John Derringham's eyes were growing more accustomed to the darkness, or
Halcyone really had some magic power, for it seemed to him that he could
see the divine features quite clearly.
"She is saying," the soft voice of his companion whispered in his ear,
"that all the things you will grasp with your hands are but dreams--and
the things that you now believe to be dreams are all real."
"And are you a dream, you sweet?" asked John Derringham. "Or are you
tangible, and must I drink the poison cup, after all?"
"I would give you no noxious wine," she answered. "If you were strong
and wise and true, only the fire which I have stolen from heaven could
come to you."
"Long ago," he said, "you gave me an oak-leaf, dryad, and I have kept it
still.
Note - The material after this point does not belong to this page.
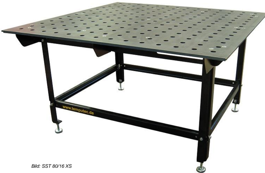
Bild: SST 80/16 XS

What now will you grant to me?"
"Nothing, since you fear--" and she drew back.
"I do not fear," he answered wildly. "Halcyone!--sweetheart! I want
you--here--next my heart. Give me--yourself!"
Then he stretched out his arms and drew her to him, all soft and loving
and unresisting, and he pressed his lips to her pure and tender lips.
And it seemed as if the heavens opened, and the Night poured down all
that was divine of bliss.
But before he could be sure that indeed he held her safely in his arms,
she started forward, releasing herself. Then, clasping Aphrodite and her
silken folds, with a bound she was far beyond him, and had disappeared
in the shadow of the archway, on whose curve the last rays of moonlight
played, so that he saw it outlined and clear.
He strode forward to follow her, but to his amazement, when he reached
the place, she seemed to vanish absolutely in front of his eyes, and
although he lit a match and searched everywhere, not the slightest trace
of her could he find, and there was no opening or possible corner into
which she could have disappeared.
Absolutely dumbfounded, he groped his way back to the bench, and sitting
down buried his head in his hands. Surely it was all a dream, then, and
he had been drunk--with the Professor's Falernian wine--and had wandered
here and slept. But, God of all the nights, what an exquisite dream!